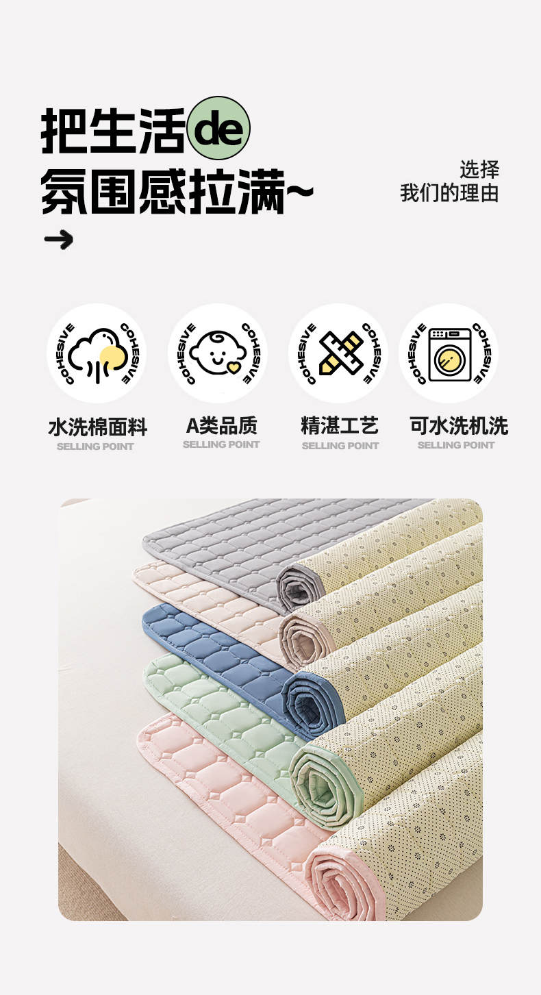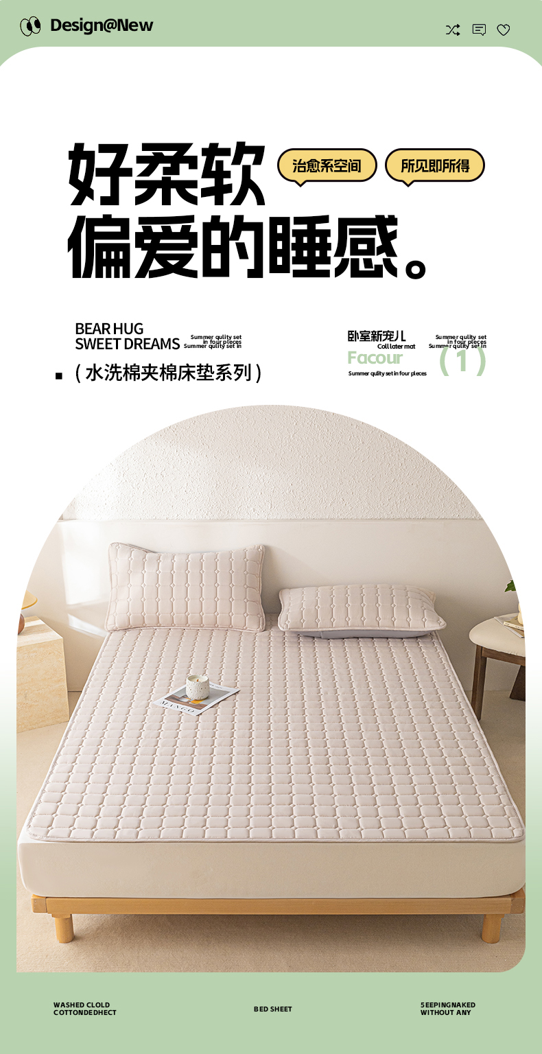 商品名称:(总)欧邦 2025春夏新款四季款无印风纯色水洗棉床褥榻榻米床垫
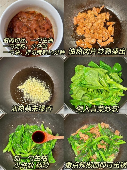 做法:1、瘦肉切丝,一勺生抽、一勺淀粉、少许盐,一勺油,拌匀腌制15分钟,油热肉片炒熟盛出;2、油热蒜末爆香,倒入青菜炒软,加一勺生抽,少许盐,翻炒,撒点辣椒面即可出锅。
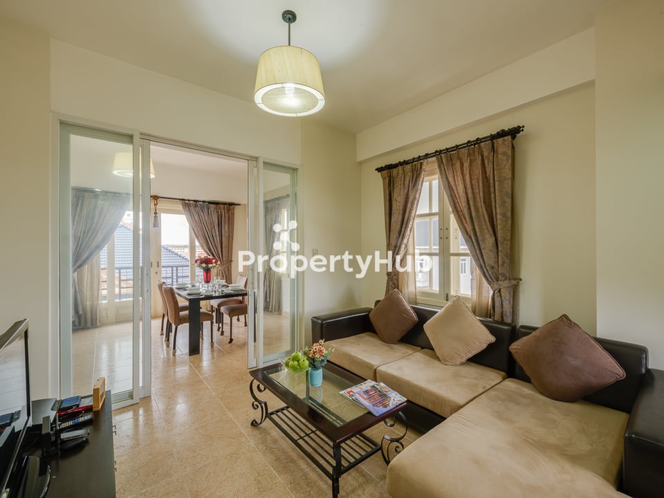 The apartment comes with complete furniture in both bedrooms and the living room, a fully equipped kitchenette and cooking ware set, a flat-screen TV with premium cable channels, a refrigerator, washing machine, and a safety box for added security.
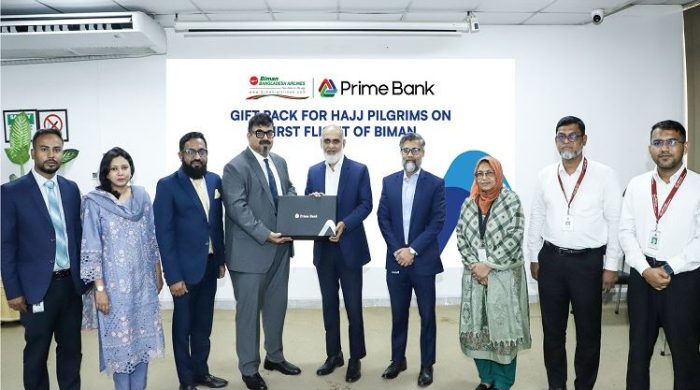 প্রাইম ব্যাংক পিএলসি. বিমান বাংলাদেশ এয়ারলাইন্স লিমিটেড-এর প্রথম হজ ফ্লাইটের যাত্রীদের জন্য বিশেষ উপহার সামগ্রী হস্তান্তর করেছে। বিমানের প্রথম হজ ফ্লাইট আগামীকাল মঙ্গলবার (২৯ এপ্রিল) শুরু হবে। সম্প্রতি বিমান বাংলাদেশ
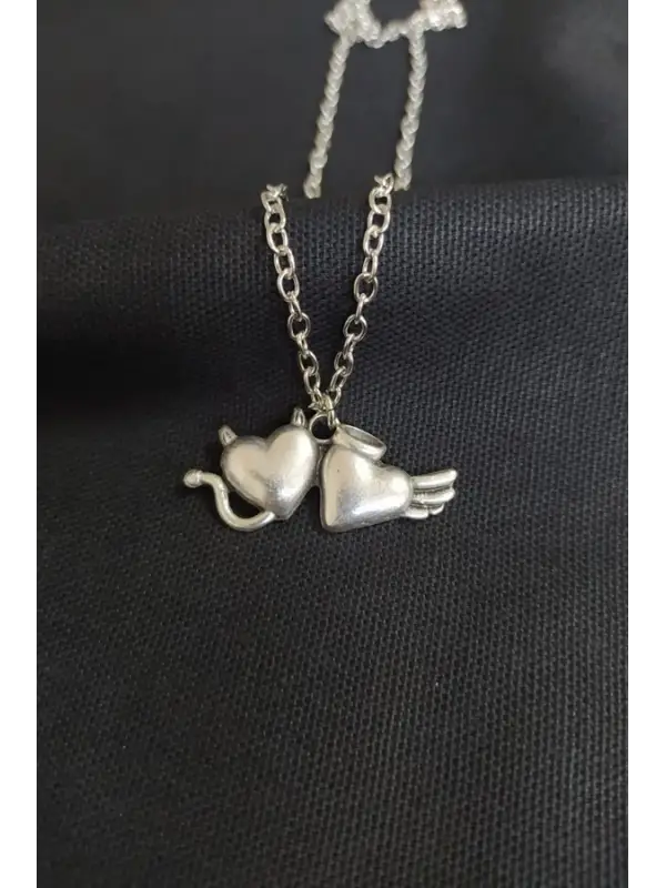 Touz Devil Angel Double Heart Tasarımlı Kolye
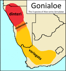 G. variegata was formerly part of the Serrulatae series of very closely related Aloe species, together with Aloe dinteri and Aloe sladeniana. Recent phylogenetic studies have shown these three species to possibly constitute an entirely separate genus, with the name Gonialoe. While this species looks rather similar to its two sister species, it can easily be distinguished from them by its shorter, stouter inflorescence with larger pink flowers.[2][3]
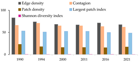 According to McGarical and Marks et al. [63], we used FRAGSTATS v. 3.3 to quantify five landscape metrics, including the patch density (PD), edge density (ED), largest patch index (LPI), Shannon diversity index, and contagion (CONTAG). These metrics provide indications of the physical fragmentation [64], the diversity richness [65], and the degree of clumping of the attributes [66], respectively (Table 1). The fragmentation index was measured at the landscape level based on the land use type and then compared to the trends between the 1990, 1994, 2000, 2011, 2016, and 2021 periods.

━━━━━━━━

● What you need to do
Copy every record above exactly, leaving out the pictures.

● Task solution
 商品名称:(总)欧邦 2025春夏新款四季款无印风纯色水洗棉床褥榻榻米床垫
 做法:1、瘦肉切丝,一勺生抽、一勺淀粉、少许盐,一勺油,拌匀腌制15分钟,油热肉片炒熟盛出;2、油热蒜末爆香,倒入青菜炒软,加一勺生抽,少许盐,翻炒,撒点辣椒面即可出锅。
 The apartment comes with complete furniture in both bedrooms and the living room, a fully equipped kitchenette and cooking ware set, a flat-screen TV with premium cable channels, a refrigerator, washing machine, and a safety box for added security.
 প্রাইম ব্যাংক পিএলসি. বিমান বাংলাদেশ এয়ারলাইন্স লিমিটেড-এর প্রথম হজ ফ্লাইটের যাত্রীদের জন্য বিশেষ উপহার সামগ্রী হস্তান্তর করেছে। বিমানের প্রথম হজ ফ্লাইট আগামীকাল মঙ্গলবার (২৯ এপ্রিল) শুরু হবে। সম্প্রতি বিমান বাংলাদেশ
 Touz Devil Angel Double Heart Tasarımlı Kolye
 G. variegata was formerly part of the Serrulatae series of very closely related Aloe species, together with Aloe dinteri and Aloe sladeniana. Recent phylogenetic studies have shown these three species to possibly constitute an entirely separate genus, with the name Gonialoe. While this species looks rather similar to its two sister species, it can easily be distinguished from them by its shorter, stouter inflorescence with larger pink flowers.[2][3]
 According to McGarical and Marks et al. [63], we used FRAGSTATS v. 3.3 to quantify five landscape metrics, including the patch density (PD), edge density (ED), largest patch index (LPI), Shannon diversity index, and contagion (CONTAG). These metrics provide indications of the physical fragmentation [64], the diversity richness [65], and the degree of clumping of the attributes [66], respectively (Table 1). The fragmentation index was measured at the landscape level based on the land use type and then compared to the trends between the 1990, 1994, 2000, 2011, 2016, and 2021 periods.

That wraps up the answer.